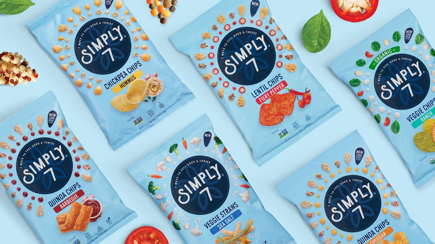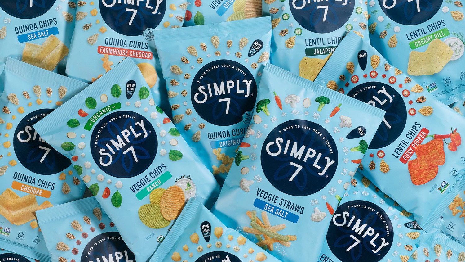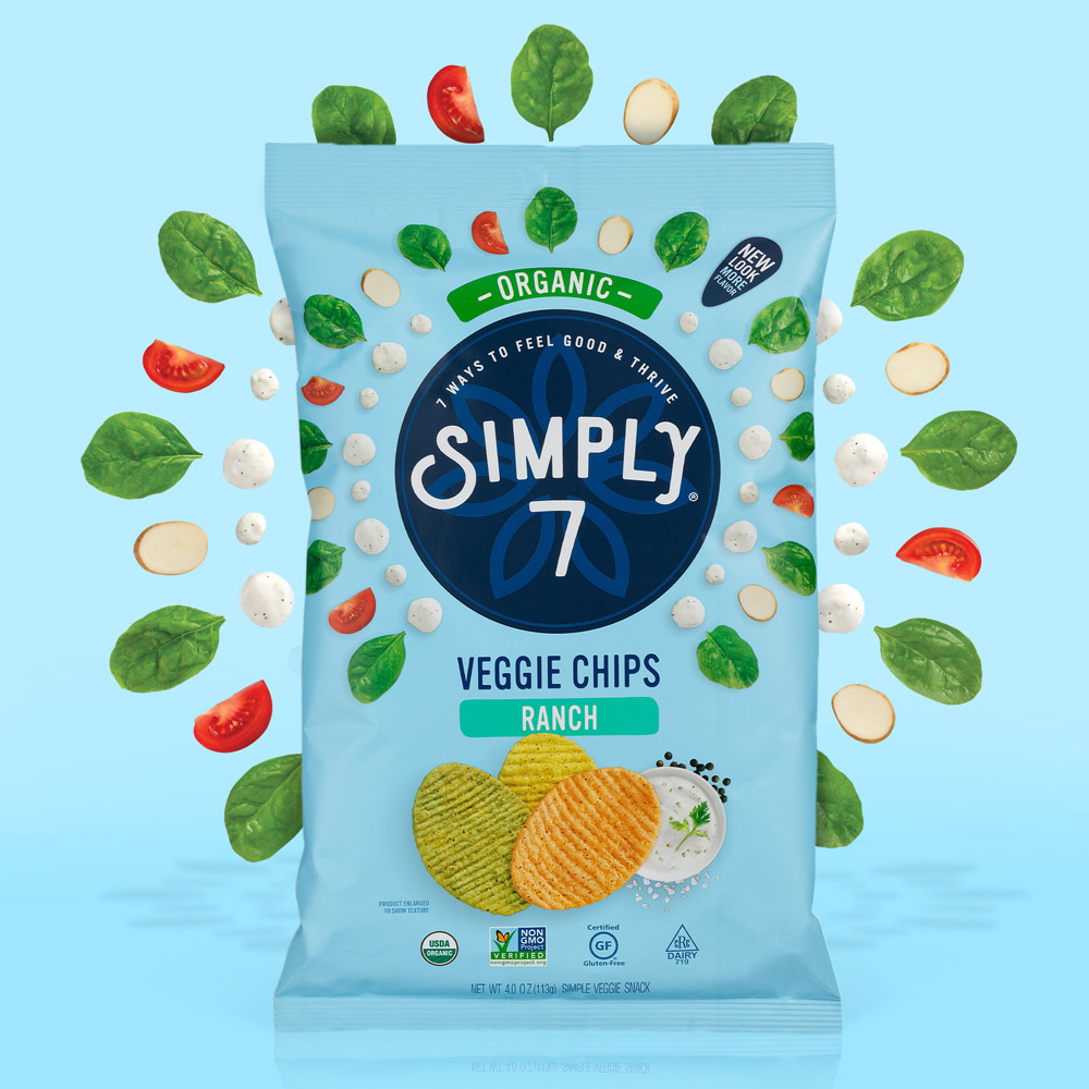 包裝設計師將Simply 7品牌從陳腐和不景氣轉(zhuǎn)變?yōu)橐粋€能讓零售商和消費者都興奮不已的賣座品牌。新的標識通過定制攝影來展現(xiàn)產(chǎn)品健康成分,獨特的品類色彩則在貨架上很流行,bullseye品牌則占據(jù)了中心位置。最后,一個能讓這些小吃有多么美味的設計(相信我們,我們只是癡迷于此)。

+ + + + + + +

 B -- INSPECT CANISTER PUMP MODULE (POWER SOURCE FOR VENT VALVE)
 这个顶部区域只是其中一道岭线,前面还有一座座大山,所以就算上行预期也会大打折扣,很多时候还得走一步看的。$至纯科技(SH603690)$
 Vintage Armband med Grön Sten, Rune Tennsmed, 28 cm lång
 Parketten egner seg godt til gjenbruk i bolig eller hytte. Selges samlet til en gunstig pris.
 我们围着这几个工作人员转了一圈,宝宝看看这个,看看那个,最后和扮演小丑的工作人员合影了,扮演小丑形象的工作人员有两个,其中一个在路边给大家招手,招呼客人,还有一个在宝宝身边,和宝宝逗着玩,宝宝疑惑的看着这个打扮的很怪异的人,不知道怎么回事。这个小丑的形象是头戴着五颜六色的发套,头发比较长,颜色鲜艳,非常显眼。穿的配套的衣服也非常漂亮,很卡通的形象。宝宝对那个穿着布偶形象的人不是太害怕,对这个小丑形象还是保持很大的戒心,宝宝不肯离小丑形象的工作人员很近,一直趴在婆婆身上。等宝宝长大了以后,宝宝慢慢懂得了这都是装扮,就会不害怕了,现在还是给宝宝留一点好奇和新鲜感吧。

+ + + + + + +

YOUR GOAL | Where the listing above has a line with "这个顶部区域只是其中一道岭线", start there, and output every line exactly through the line with "我们围着这几个工作人员转了一", which is also included.

SOLUTION BELOW |
 这个顶部区域只是其中一道岭线,前面还有一座座大山,所以就算上行预期也会大打折扣,很多时候还得走一步看的。$至纯科技(SH603690)$
 Vintage Armband med Grön Sten, Rune Tennsmed, 28 cm lång
 Parketten egner seg godt til gjenbruk i bolig eller hytte. Selges samlet til en gunstig pris.
 我们围着这几个工作人员转了一圈,宝宝看看这个,看看那个,最后和扮演小丑的工作人员合影了,扮演小丑形象的工作人员有两个,其中一个在路边给大家招手,招呼客人,还有一个在宝宝身边,和宝宝逗着玩,宝宝疑惑的看着这个打扮的很怪异的人,不知道怎么回事。这个小丑的形象是头戴着五颜六色的发套,头发比较长,颜色鲜艳,非常显眼。穿的配套的衣服也非常漂亮,很卡通的形象。宝宝对那个穿着布偶形象的人不是太害怕,对这个小丑形象还是保持很大的戒心,宝宝不肯离小丑形象的工作人员很近,一直趴在婆婆身上。等宝宝长大了以后,宝宝慢慢懂得了这都是装扮,就会不害怕了,现在还是给宝宝留一点好奇和新鲜感吧。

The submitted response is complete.